Vendre ou louer : partir du DPE du logement

Pour vendre à Lunéville Nord-Nord-Ouest Saint-Léopold, ces résultats servent avant tout à situer le logement dans son environnement. Les 271 diagnostics classés C et les 192 classés D donnent des repères locaux, mais ne permettent pas de déduire une valeur de vente ou une réaction des acquéreurs. La présentation du bien gagne à distinguer clairement son étiquette, sa consommation estimée, sa surface et son coût énergétique estimé. Un logement classé F ou G doit être examiné à partir de son dossier propre, sans tirer de conclusion technique de la seule présence de 42 passoires dans le quartier.

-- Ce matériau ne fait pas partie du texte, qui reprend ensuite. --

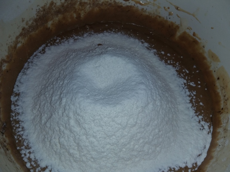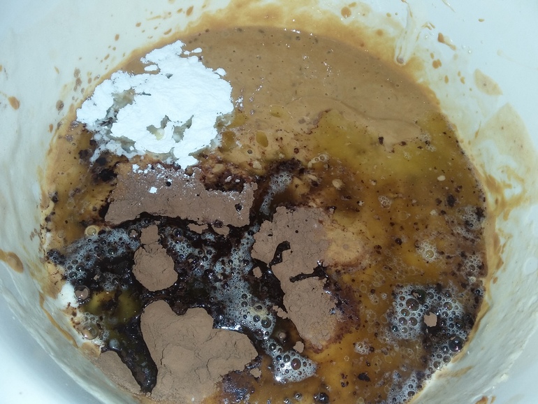 Всыпать 1 ст.л. какао и 1 ч.л. соды\разрыхлителя:

Les statistiques disponibles ne permettent ni de chiffrer des travaux ni de prévoir le classement obtenu après une éventuelle rénovation.

Pour louer, le coût annuel médian estimé de 1 247 € constitue un repère de quartier, et non le budget énergétique à annoncer pour chaque logement. Le candidat locataire doit pouvoir distinguer ce chiffre collectif de l’estimation figurant dans le DPE du bien concerné. De même, une consommation médiane de 160 kWh/m²/an ne préjuge pas de celle d’un appartement ou d’une maison en particulier. Pour le propriétaire, la démarche consiste à examiner les informations du diagnostic individuel et à vérifier les exigences applicables à son projet. Les seules statistiques fournies ne permettent pas de conclure à la possibilité juridique de louer un logement donné. Elles éclairent le contexte local, sans remplacer l’analyse du bien et de sa situation.

Questions fréquentes

Le quartier compte-t-il surtout des maisons ou des appartements ?

Les appartements sont majoritaires dans l’échantillon analysé, les maisons individuelles représentant 41,3 % des logements diagnostiqués. Le bâti est également marqué par l’ancienneté : 57,2 % des diagnostics concernent des constructions antérieures à 1975. Ces proportions décrivent les 596 DPE géolocalisés, pas nécessairement l’intégralité du parc du quartier.

Le quartier est-il plus énergivore que l’ensemble de Lunéville ?

La réponse dépend de l’indicateur. La consommation médiane est inférieure, à 160 kWh/m²/an contre 170 à Lunéville. En revanche, la part des étiquettes F et G est légèrement supérieure : 7,0 % contre 6,4 %. Le coût annuel médian estimé est aussi plus élevé, à 1 247 € contre 1 158 €.

Quel chiffre utiliser pour préparer une vente ou une location ?

Il faut privilégier les données du DPE du logement. Les 75 m² de surface médiane et les 1 247 € de coût énergétique annuel médian estimé donnent seulement un contexte local. Ils ne permettent de déterminer ni la consommation d’un bien précis, ni sa valeur, ni sa situation au regard des exigences de location.